◆ INFORMATION SUPPLIED:

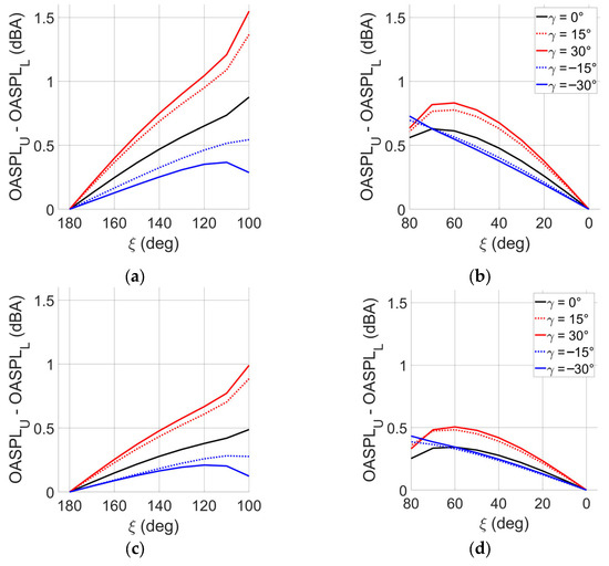Difference of OASPL of the upper and lower semicircle in the noise directivity plot. In each figure, the black solid line denotes zero yaw, the red dashed and solid lines denote +15° and +30° yaw, respectively, and the blue dashed and solid lines denote –15° and –30° yaw, respectively. (a) (SBL); (b) (SBL); (c) (NBL); (d) (NBL).
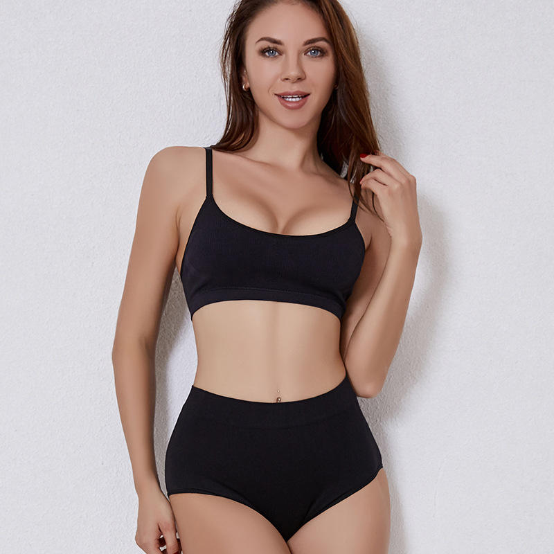 Conjunto de sujetador sin costuras con encaje y letras con logotipo personalizado para mujer, sujetadores inalámbricos, top y ropa interior, conjunto de yoga de color sólido de 2 piezas
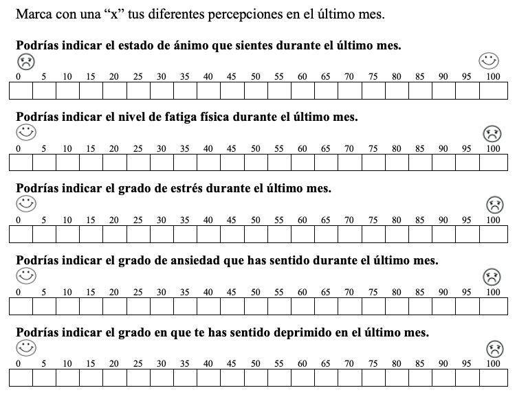 A partir de cinco escalas, de elaboración propia, se midió la percepción de los participantes sobre su estado de ánimo, su nivel de fatiga física y el grado en que se habían sentido estresados, deprimidos o con ansiedad durante el último mes. Para su cumplimentación, se debía puntuar de 0 a 100 con una “x”. En cada uno de los extremos de las escalas, se acompaña un emoticono con dos caras (feliz y triste) para ayudar a todos los participantes en la clarificación de sus respuestas (Figura 1).
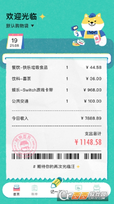 软件的界面页面设计的非常可爱,有十分生动的柴犬动物形象陪伴了用户的记账全程,可以让用户在软件功能的使用同时获得很多的乐趣。
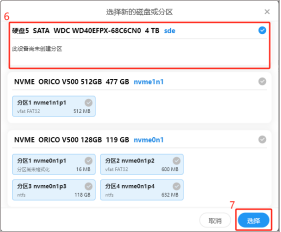 · Select the new hard drive, click "Select," and complete the replacement, as shown in the bottom-right image
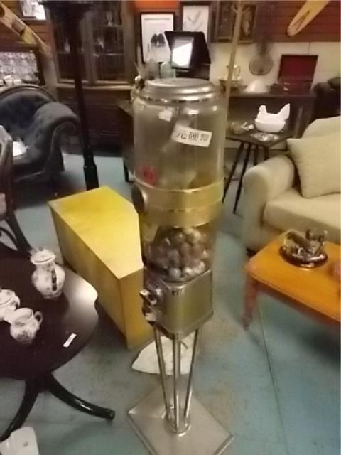 VINTAGE TALKING VENDING GUMBALL MACHINE - ON BEAVER BASE - NO KEYS - WORKING

◆ DIRECTIONS:
Repeat all of the listing above word for word, and exclude the pictures.

◆ EXERCISE RESPONSE:
Difference of OASPL of the upper and lower semicircle in the noise directivity plot. In each figure, the black solid line denotes zero yaw, the red dashed and solid lines denote +15° and +30° yaw, respectively, and the blue dashed and solid lines denote –15° and –30° yaw, respectively. (a) (SBL); (b) (SBL); (c) (NBL); (d) (NBL).
 Conjunto de sujetador sin costuras con encaje y letras con logotipo personalizado para mujer, sujetadores inalámbricos, top y ropa interior, conjunto de yoga de color sólido de 2 piezas
 A partir de cinco escalas, de elaboración propia, se midió la percepción de los participantes sobre su estado de ánimo, su nivel de fatiga física y el grado en que se habían sentido estresados, deprimidos o con ansiedad durante el último mes. Para su cumplimentación, se debía puntuar de 0 a 100 con una “x”. En cada uno de los extremos de las escalas, se acompaña un emoticono con dos caras (feliz y triste) para ayudar a todos los participantes en la clarificación de sus respuestas (Figura 1).
 软件的界面页面设计的非常可爱,有十分生动的柴犬动物形象陪伴了用户的记账全程,可以让用户在软件功能的使用同时获得很多的乐趣。
 · Select the new hard drive, click "Select," and complete the replacement, as shown in the bottom-right image
 VINTAGE TALKING VENDING GUMBALL MACHINE - ON BEAVER BASE - NO KEYS - WORKING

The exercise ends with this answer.